This article explains the different types of KPIs and data that are important to an affiliate program and how to include them in reporting.
Volume KPIs
Clicks, orders, revenue, commissions, and joined partners. Not all programs track revenue for KPIs, for example, a leads or installs based program.
Business KPIs
AOV, CPA/CPL, New Customer Rate, RoAS, ROI, Commission Rate, and Conversion Rate. These help add context, understanding and can indicate value to the program. Most often these are calculated. Finance or lead programs are more likely to use CPA/CPL. Affluent has pre-created calculated metrics.
Program Evaluation KPIs
Click-Active rate, Sale or Lead Active rate, Program Weighting ( the percentage of the program coming from the top 10 partners), Content Percentage of Sales (percentage of sales coming from content partners), Program evaluation metrics help assess the program overall and indicate program health in comparison to other programs. Affluent has pre-created metrics and metric variants to automate reporting on these metrics.
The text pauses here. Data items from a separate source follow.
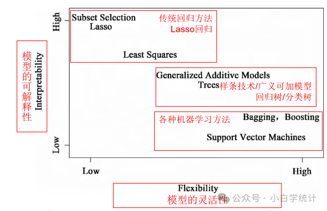讯享网 没有任何一种方法是完美的。 回归方法解释度很好,但灵活度不足;机器学习方法很灵活,但解释能力有限 。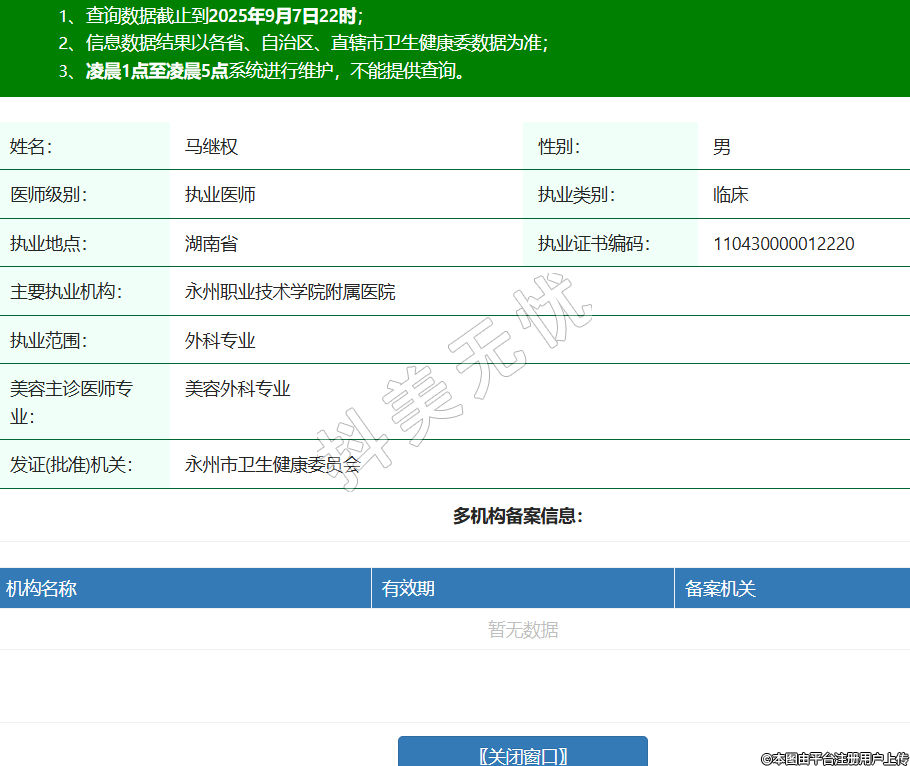 姓名:馬繼權性別:男醫(yī)師級別:執(zhí)業(yè)醫(yī)師執(zhí)業(yè)類別:臨床執(zhí)業(yè)地點:湖南省執(zhí)業(yè)證書編碼:110430000012220主要執(zhí)業(yè)機構:永州職業(yè)技術學院附屬醫(yī)院執(zhí)業(yè)范圍:外科專業(yè)美容主診醫(yī)師專業(yè):美容外科專業(yè)發(fā)證(批準)機關:永州市衛(wèi)生健康委員會 -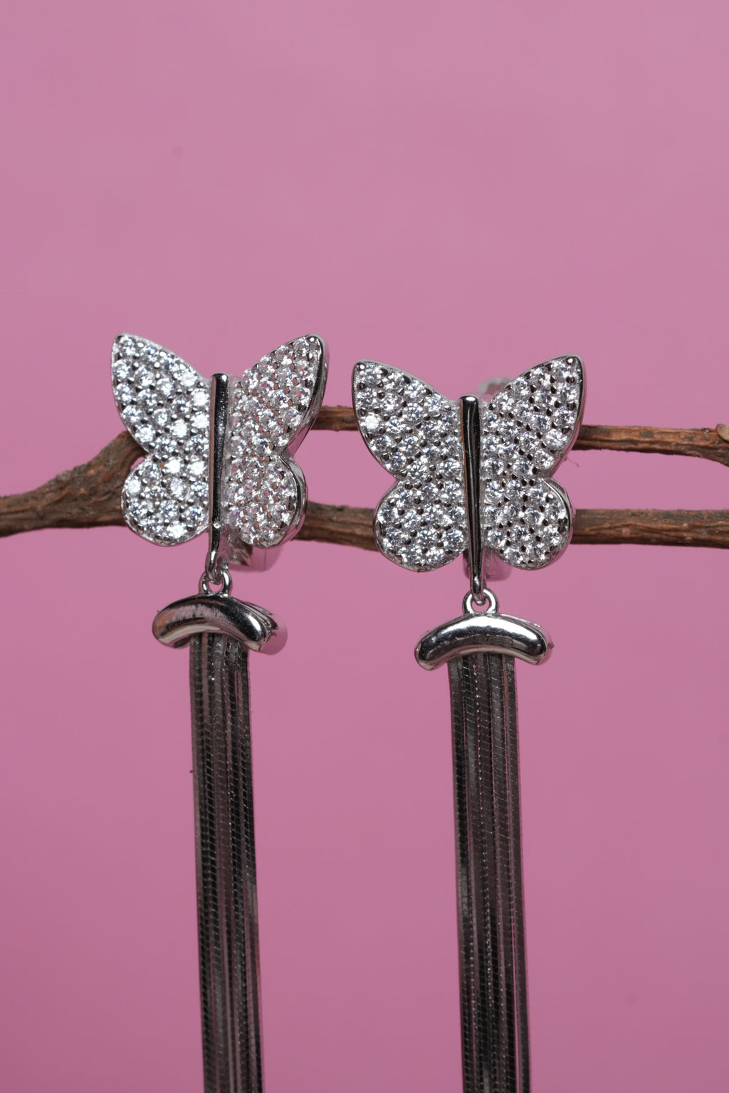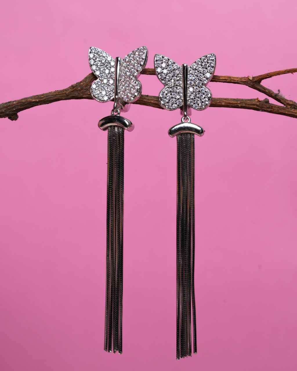 A dazzling statement earring featuring a finely crafted butterfly stud accented with pavé-set crystals on the lower wing.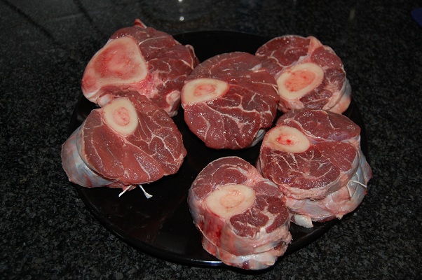 Amarre os ossobucos com barbante para não soltar o osso quando cozinhar.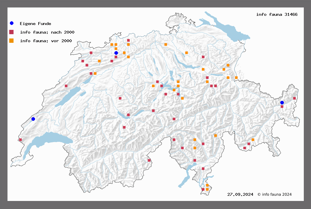 Habitat: | Wärmeliebende Art: warme, nicht zu trockene Täler mit reichlich Solidago virgaurea. Ideale Plätze sind besonders geschützt stehende Solidago-virgaurea-Bestände, die durch den Windschatten von Gehölzen oder Felsen vor zu schnellem Vertrocknen bewahrt werden. Ein gewisses Mass an gleichbleibender Luftfeuchte spielt dabei wohl eine der entscheidenden Rollen. An Solidago gigantea oder S. canadiensis wurde die Raupe nach WEIGT nicht beobachtet, obwohl beide Arten als Raupenfutter bei der Zucht angenommen werden. Nachweis: Raupensuche nachts an Basalblättern von warm stehenden Solidago virgaurea im August. |

For definitions of all Affluent metrics, visit the Metric Glossary.
Program Level Data
Measures performance for the whole program over a specific period of time. Reviewing program-level data helps to identify program trends and anomalies. It is important to review this data on a regular cadence.
Dimension Level Data
Dimension level data looks at a specific dimension of the program.
- Performance by Partner
- Performance by Country
- Performance by SKU/Product
Transaction Level Data
This is the most granular level of data and involves looking at transactions line by line. This may be something that you only do to answer a specific question or to resolve a red flag. In Affluent transaction level data is available via the Overview under the Transactions tab.
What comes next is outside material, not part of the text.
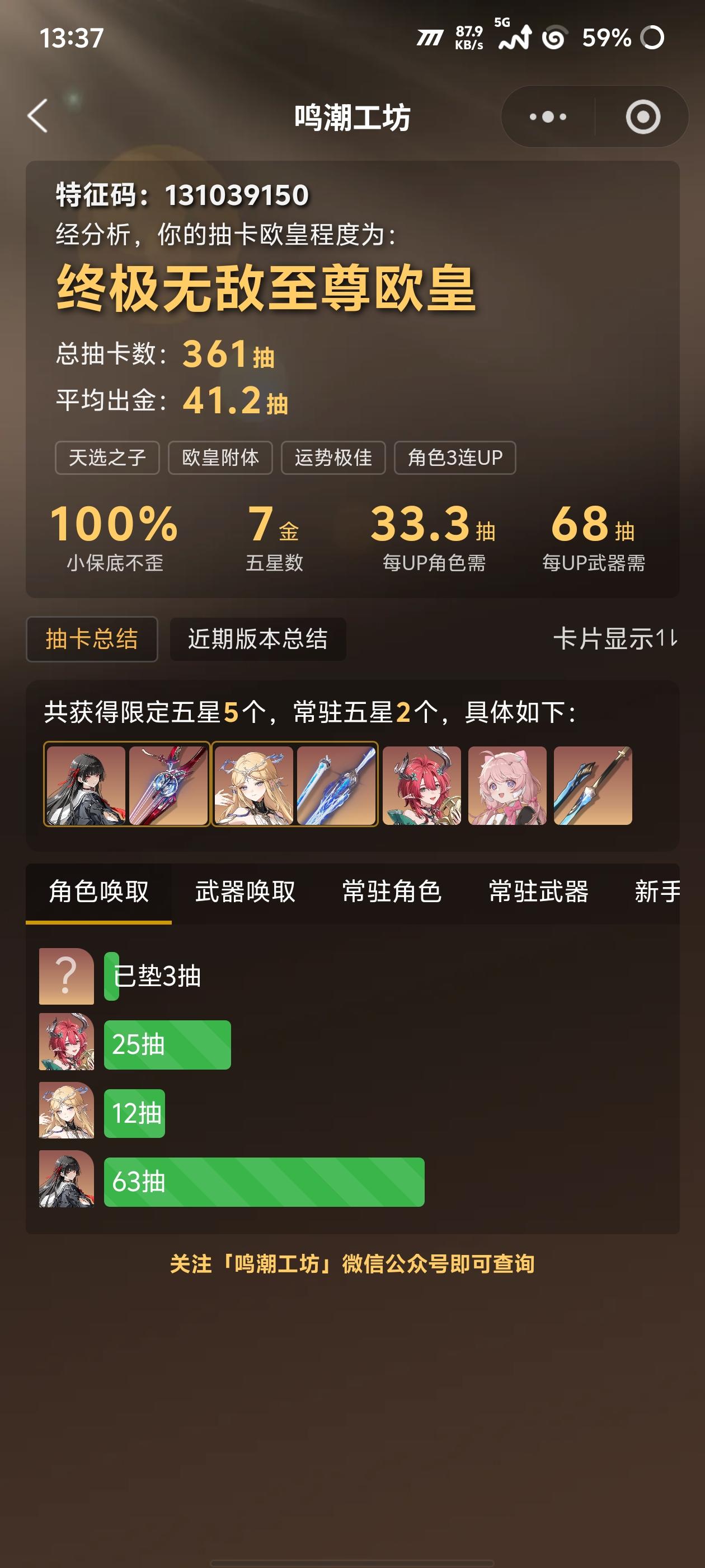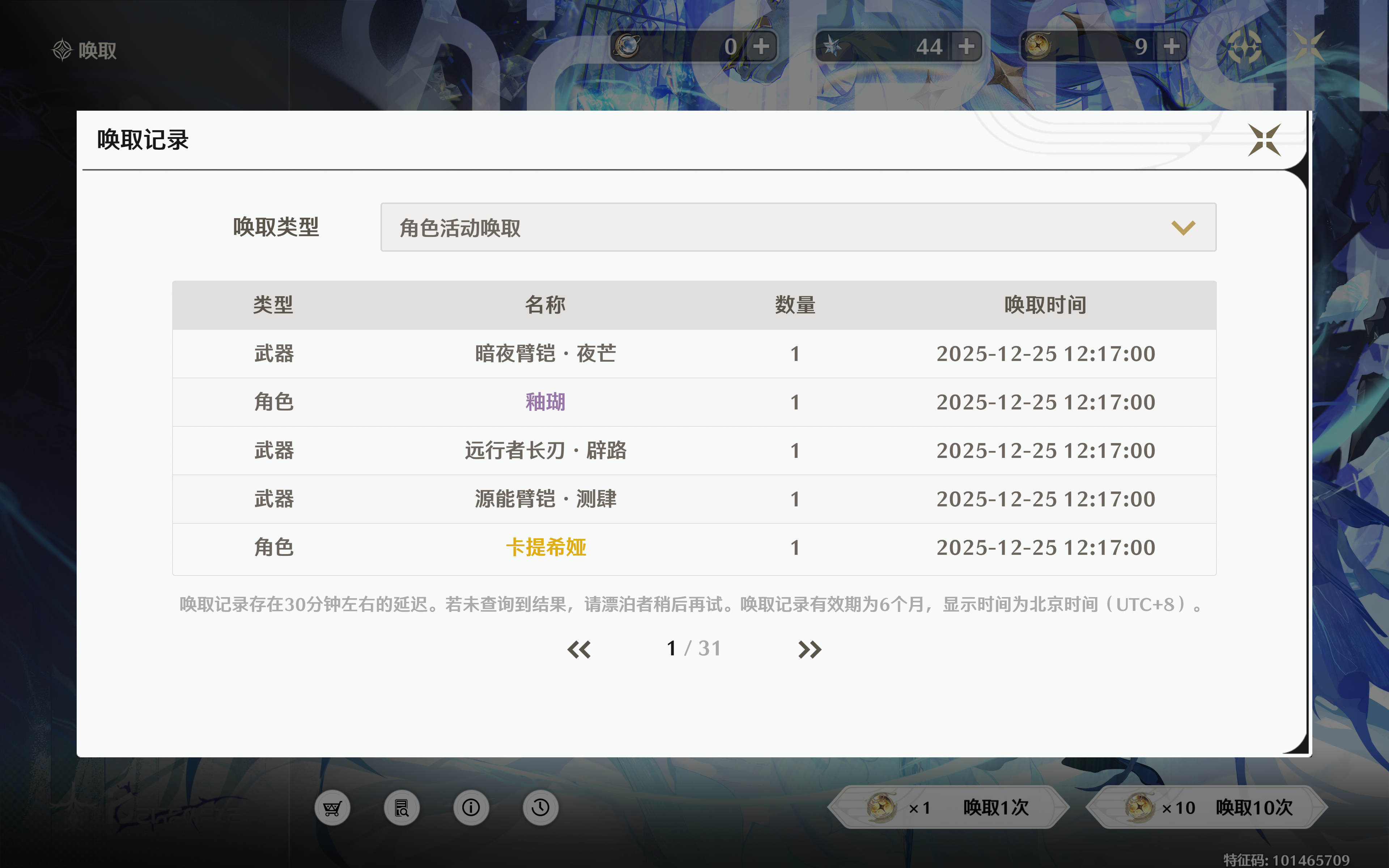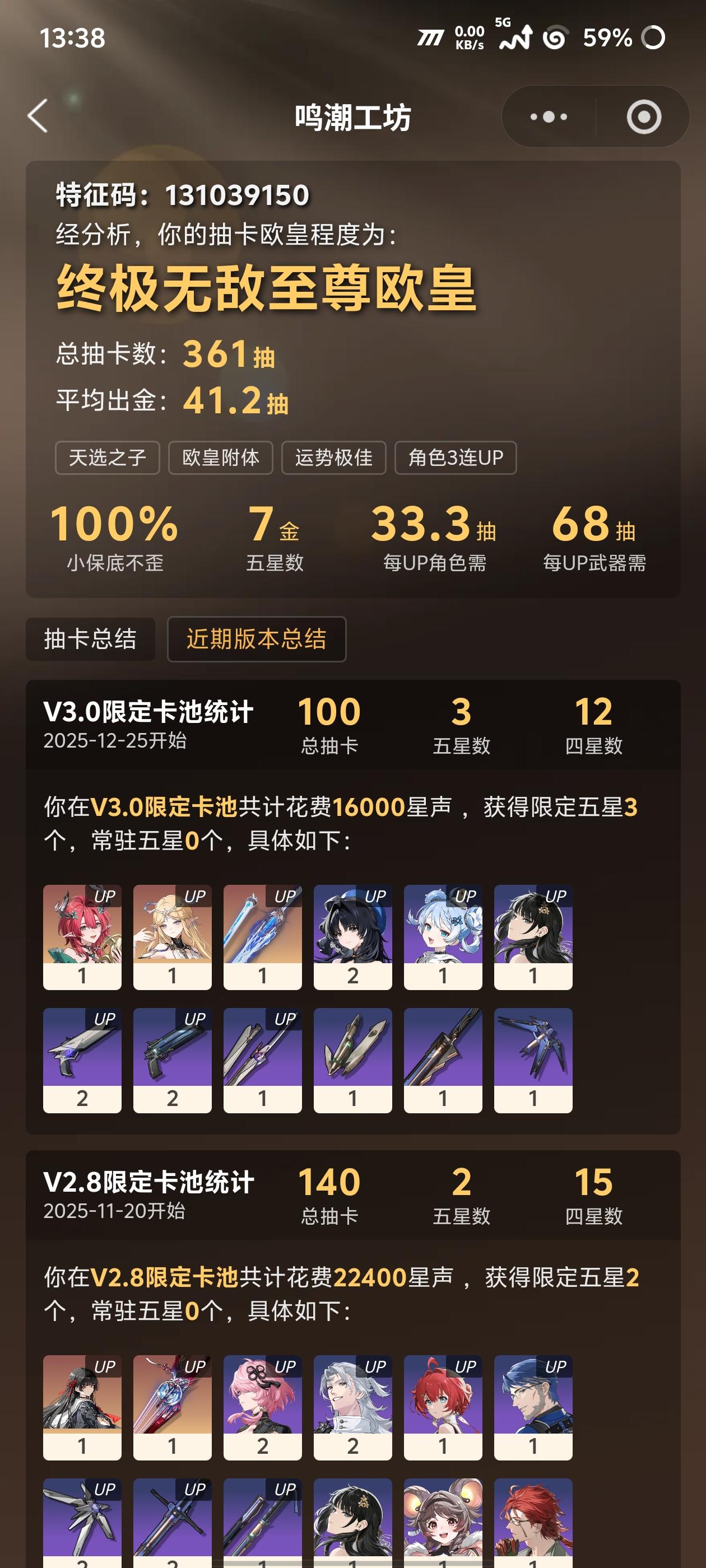 2.8入坑萌新。3.0版本100抽完美收工

Reporting Tip: it is important to first understand what 'normal' performance and KPIs look like. From there you can spot any abnormalities. When you are preparing an internal or external report you can then tell the story behind the data. To include a narrative add a text box to your dashboard.
How to identify abnormalities?
The most common way to identify an abnormality is to look at period-over-period data. Affluent supports comparing data using the 'previous period' and 'previous year' metric variants.
Trends are also another great way to spot abnormalities. Consider whether of not the program is trending in the right direction. There are often reasons why a program will see temporary decreases in revenue or other metrics e.g. buying habits, seasonal trends, the promotion of a specific product, or a host of other reasons.